Polls in the second half of 2015 have consistently shown narrow leads for the Remain side, and if this proves to be the outcome, relations between the UK and the EU would return to a normal level of everyday hostility post-referendum. Britain would still be seen within the EU institutions as the uneasy partner, the one who is only half-in on any crucial policies, but importantly the threat of the UK departing would – for the time being – have lifted. Do not expect a Remain vote to in any way heal UK-EU relations, not least as the Remain camp’s messaging sounds almost as hostile and nationalistic as Leave’s, and EU-sceptics within the Conservative party are not likely to fall silent.
A victory for Leave would throw both the UK and, to a lesser extent the EU, into a state of crisis. Crucial questions about the UK’s relationship with the EU when outside will not have been answered prior to the referendum (because no-one trusts Leave on this, and neither Cameron nor Labour want to confront themselves with this question), and working out how a UK outside the EU will work will dog the government for the two years it will take to negotiate an exit. This process will become all-consuming – managing this and the potential economic fall out from the Leave vote will take all the government’s time and effort.
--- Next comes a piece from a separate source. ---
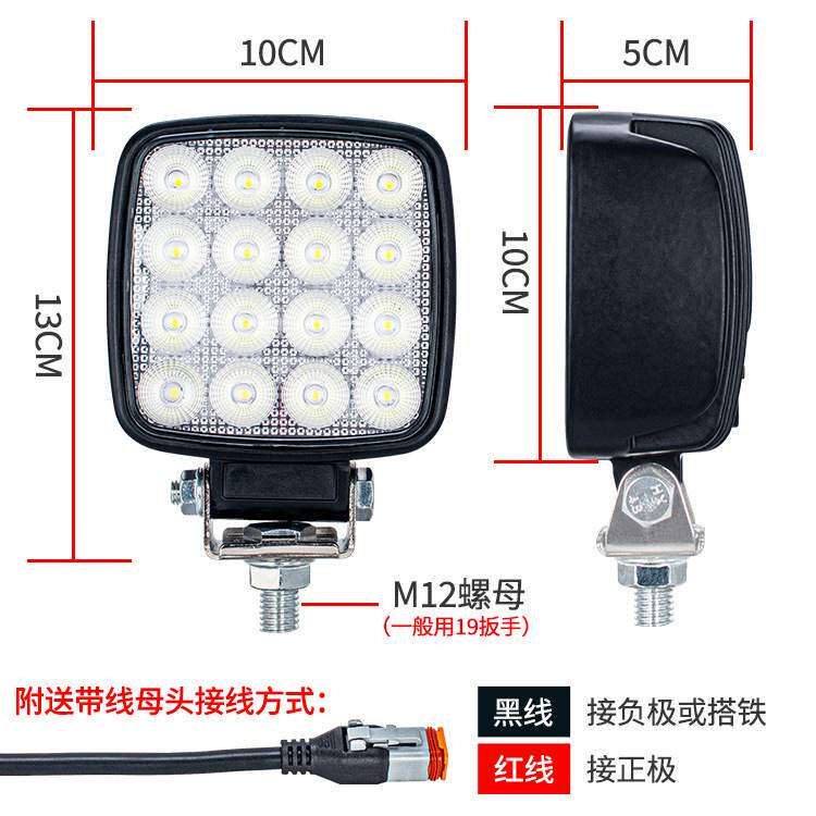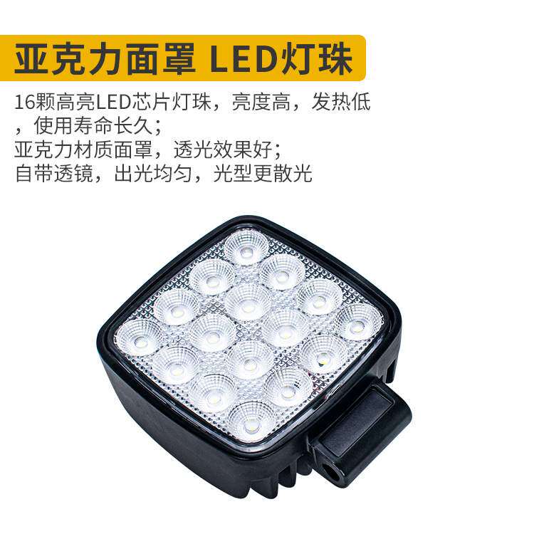 带插头16珠高亮挖机大臂灯加厚铝壳12-80V叉车大灯工程机械工作灯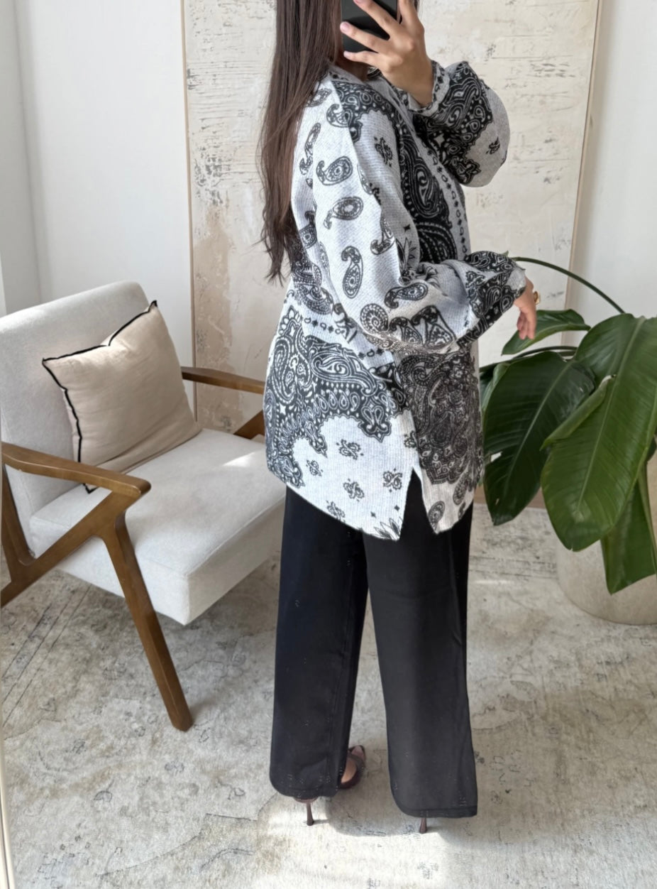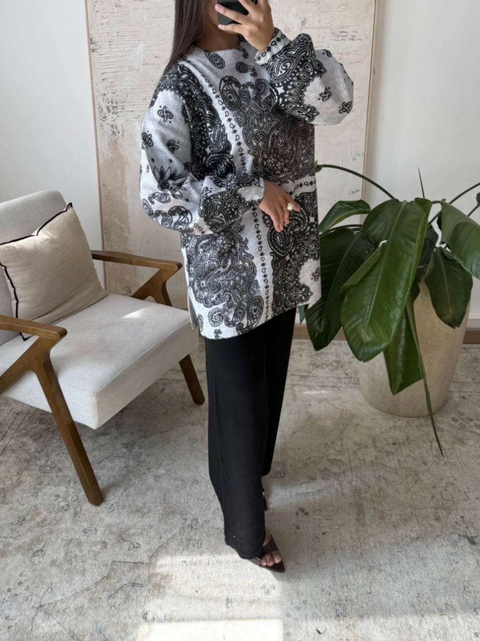 Tunique longue à encolure ronde, imprimé façon foulard en noir et blanc avec détails pailletés discrets, manches longues légèrement bouffantes + pantalon noir

If Cameron campaigns for Remain and loses then he is a dead man walking, and a Leave vote will almost certainly trigger a further Scottish independence vote.
On the EU side, a Leave vote would add to the EU’s mounting list of crises. Britain leaving would be seen as an irritation, and may provoke the idea to hold similar votes elsewhere, but the economic cost of leaving for Eurozone, or Central and Eastern European, Countries would be higher than for the UK, meaning few, if any, would dare even hold referendums. The EU would be likely to paint a Leave vote as British exceptionalism, and try to move on.
Meanwhile the Eurozone crisis and refugee crisis have shone a light on a number of divisions within the European Union – north vs. south (Greece vs. Germany on the Euro), east vs. west (Hungary + Poland vs. Germany + Sweden on refugees), and Euro vs. non-Euro countries (ongoing questions about economic governance of the Eurozone that concern only them). Meanwhile some national political developments reveal other divides (Poland’s 2015 election pitted rural, poor voters against richer, urban voters, while Slovenia’s referendum on equal marriage shows even the progress of human rights is patchy).
Across Europe the centre of the political spectrum is struggling against upstart political forces of the populist left (Syriza in Greece, Podemos in Spain) and the right (Front National in France, Dansk Folkeparti in Denmark, Fidesz in Hungary). This poses a dual challenge to the traditional parties – it makes forming coalition governments harder (sometimes forcing grand coalitions to be formed, which further leads to the weakening of the centre), and it draws traditional parties towards populist positions (see Valls and Hollande after the Paris terror attacks). The European Union’s ponderous response to creeping authoritarianism in Hungary and Poland will leave others thinking they can chance it without repercussion. Conversely citizen protests against repression of the media in Warsaw, and the civic and voluntary response to the refugee crisis in Germany and elsewhere are grounds for optimism – the people can be more tolerant and caring than their governments.
The European Union institutions will continue their narrow focus on economic questions as a way to try to gain a little legitimacy in the eyes of Europe’s people who, by now, can largely be categorised as jaundiced and politico-sceptic more than they are explicitly EU-sceptic (the Commission’s Eurobarometer generally shows national politicians are trusted even less than EU ones). Hence the ongoing agenda for “jobs & growth” and “better regulation” are the European Commission’s attempt to relieve the EU from the financial and economic crisis. However with the refugee crisis endangering the future of the Schengen border free zone (ending it would have an economic as well as a civic impact), states still heavily indebted due to banking bailouts, and ageing populations and lack of investment in the digital transition holding economies back, trying to return Europe’s economies to good health is going to be an uphill struggle. Meanwhile the banking system remains unreformed, housing bubbles are emerging again in some of Europe’s strongest cities, and the problems of the Eurozone and bailouts are only on temporary hold.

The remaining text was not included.